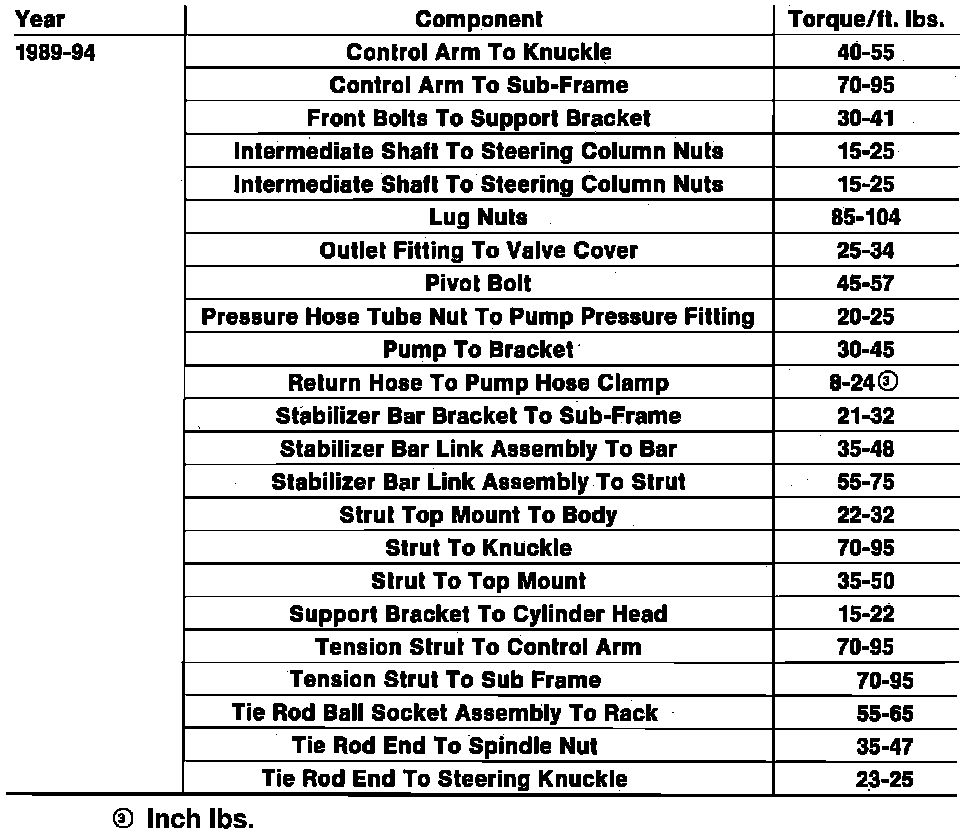 Tightening Specifications:
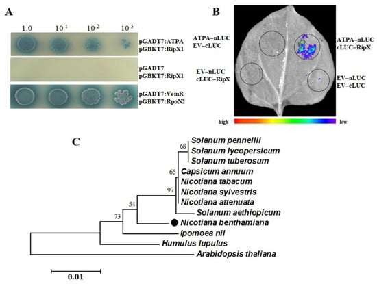 The construct pGBKT7:RipX1 and cDNA library of N. benthamiana were co-transformed into the yeast host strain AH109, by LiAc-mediated transformation. The pGADT7 plasmids were extracted from the screened positive colonies, to repeat the Y2H assay. The plasmid that exhibited a positive interaction with RipX1 was identified as ATPA based on DNA sequencing. The coding region of the atpA gene was amplified and cloned into pGADT7 to generate pGADT7:ATPA. After that, pGADT7:ATPA and pGBKT7:RipX1 were then co-transformed into AH109. The transformant was examined for growth on SD/-Ade/-Leu/-Trp/-His/ supplemented with 20 μg/mL X-α-galactosidase []. The Y2H repeat experiment was performed three times.
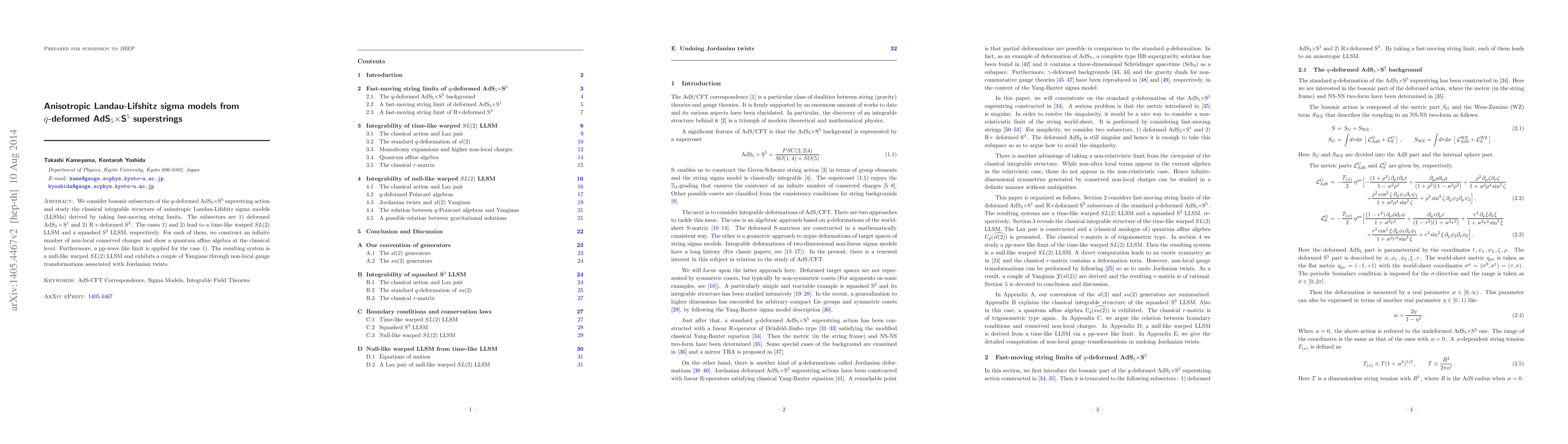 We consider bosonic subsectors of the q-deformed AdS_5 x S^5 superstring action and study the classical integrable structure of anisotropic Landau-Lifshitz sigma models (LLSMs) derived by taking fast-moving limits. The subsectors are 1) deformed AdS_3 x S^1 and 2) R x deformed S^3. The cases 1) and 2) lead to a time-like warped SL(2) LLSM and a squashed S^3 LLSM, respectively. For each of them, we construct an infinite number of non-local conserved charges and show a quantum affine algebra at the classical level. Furthermore, a pp-wave like limit is applied for the case 1). The resulting system is a null-like warped SL(2) LLSM and exhibits a couple of Yangians through non-local gauge transformations associated with Jordanian twists.
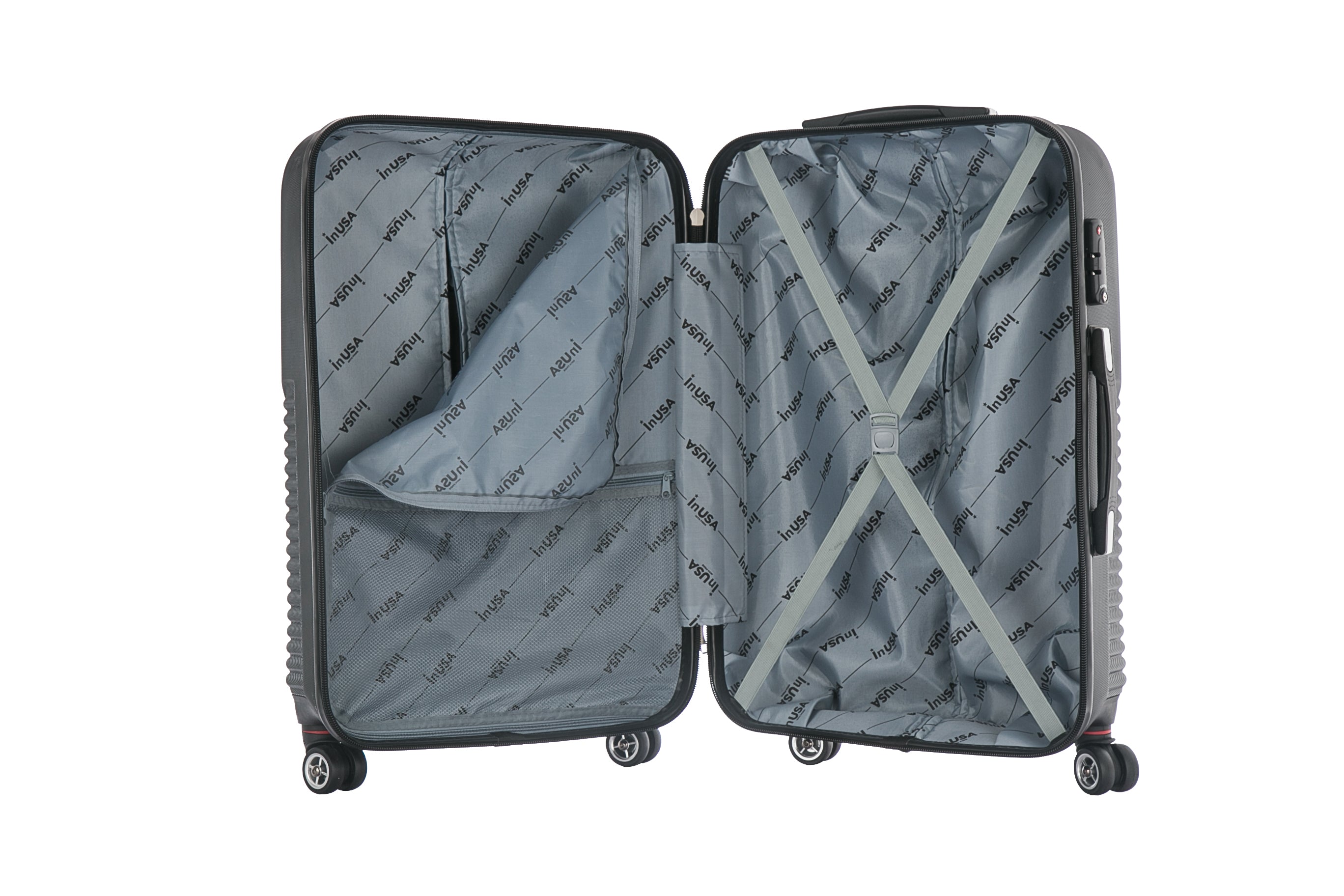 The InUSA Chicago collection is proudly assembled in the USA from imported parts using lightweight ABS/PC engineered material with micro diamond finish. Functional style with 4 airplane design dual spinner multi-directional silent 360 degree wheels for effortless mobility. The sturdy construction offers maximum strength, durability and a water/scratch resistant finish. Full interior fabric lining with a zippered compartment on one side, opposite side offers elastic tie-down straps for additional support and an inside pocket. A side mounted 3 digit TSA approved combination lock, push button locking internal retractable trolley system. The small size offers a Top ergonomic GEL handle. The medium and large size offers Top and Side ergonomic GEL handles for comfortable and easy lifting. Smooth running quality oversized number 10 Zipper. Four side studs allows each piece to stand upright on its side. The expandable feature allows for an additional 25% extra space offered in the Large size piece. This product can be purchased in different colors.

YOUR OBJECTIVE =
The answer must consist solely of the lines from the first line of the data through the line containing "The construct pGBKT7:RipX1", inclusive, reproduced exactly and without pictures.

PROBLEM SOLUTION =
 Tightening Specifications:
 The construct pGBKT7:RipX1 and cDNA library of N. benthamiana were co-transformed into the yeast host strain AH109, by LiAc-mediated transformation. The pGADT7 plasmids were extracted from the screened positive colonies, to repeat the Y2H assay. The plasmid that exhibited a positive interaction with RipX1 was identified as ATPA based on DNA sequencing. The coding region of the atpA gene was amplified and cloned into pGADT7 to generate pGADT7:ATPA. After that, pGADT7:ATPA and pGBKT7:RipX1 were then co-transformed into AH109. The transformant was examined for growth on SD/-Ade/-Leu/-Trp/-His/ supplemented with 20 μg/mL X-α-galactosidase []. The Y2H repeat experiment was performed three times.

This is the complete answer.